### Dataset content
========================

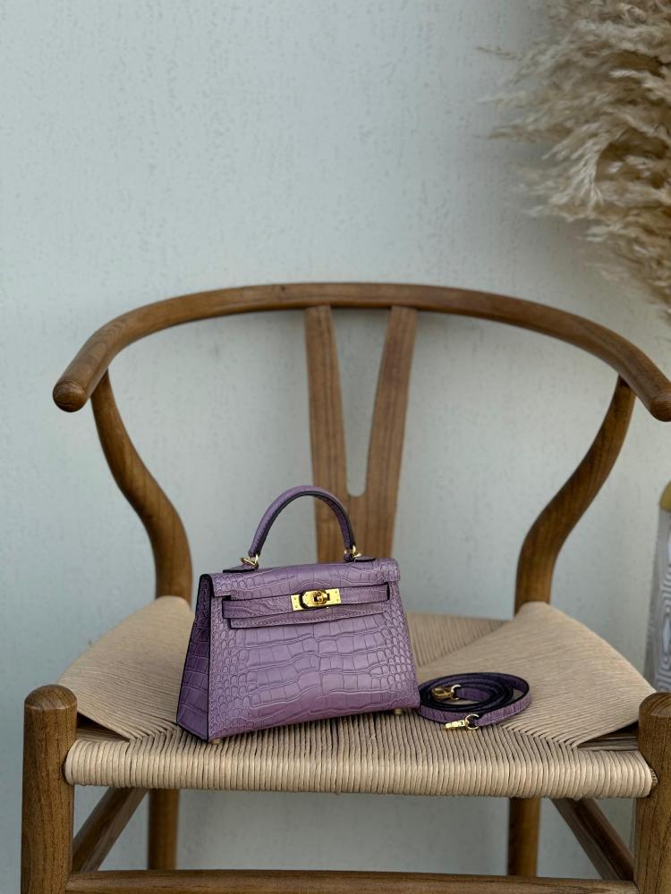Hermes Kelly Women's Small Bag 19cm Crocodile Leather Purple
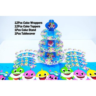 Baby Shark Cake Stand Tablecover Baby Shark Cupcake Toppers And Wrappers Of 12 Set Baby Shark Ta
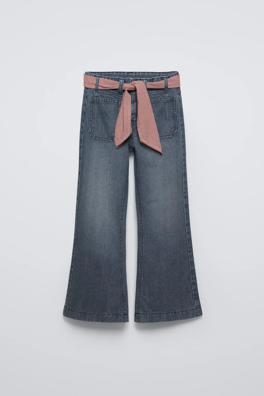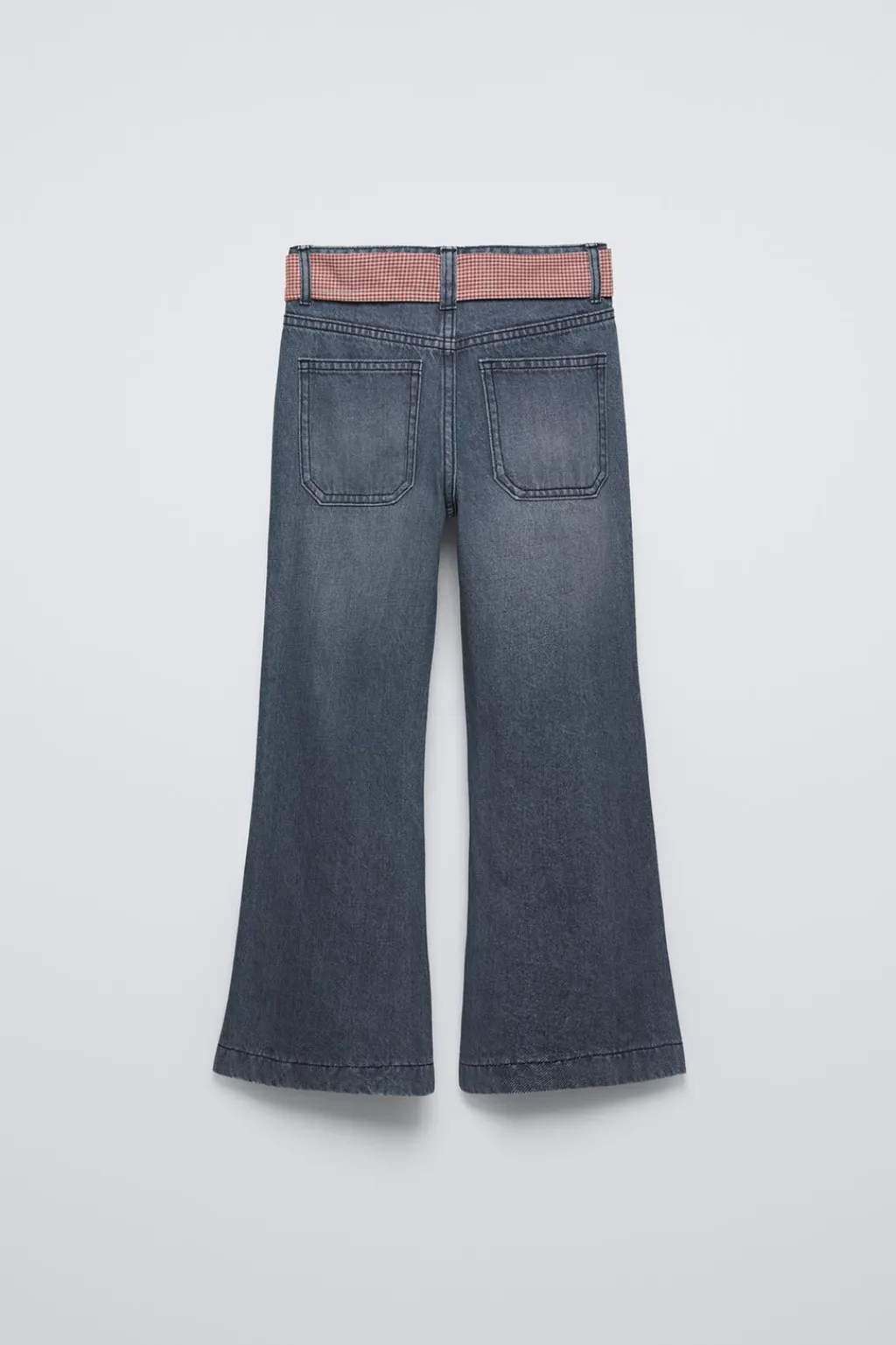 Jeans tipo flare con cinturilla elástica y cierre botón frontal. Aplique cinturón con estampado cuadros en trabillas. Bolsillos de tipo plastrón en delantero y espalda.
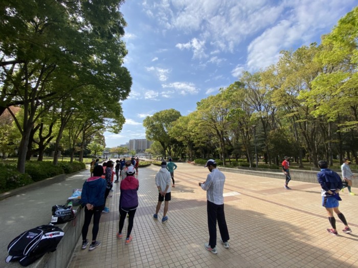 ラニングドリルを2時間かけて公園内で行います。昨年度から地味に通ってますが、通いだしてから膝の痛みが無くなったり、タイムが伸びたりと「やはり基本が大切」

========================

### What is expected
With the pictures left out, output exactly the lines that begin at the line containing "Jeans tipo flare" and end at the last line of the material.

### Answer box
 Jeans tipo flare con cinturilla elástica y cierre botón frontal. Aplique cinturón con estampado cuadros en trabillas. Bolsillos de tipo plastrón en delantero y espalda.
 ラニングドリルを2時間かけて公園内で行います。昨年度から地味に通ってますが、通いだしてから膝の痛みが無くなったり、タイムが伸びたりと「やはり基本が大切」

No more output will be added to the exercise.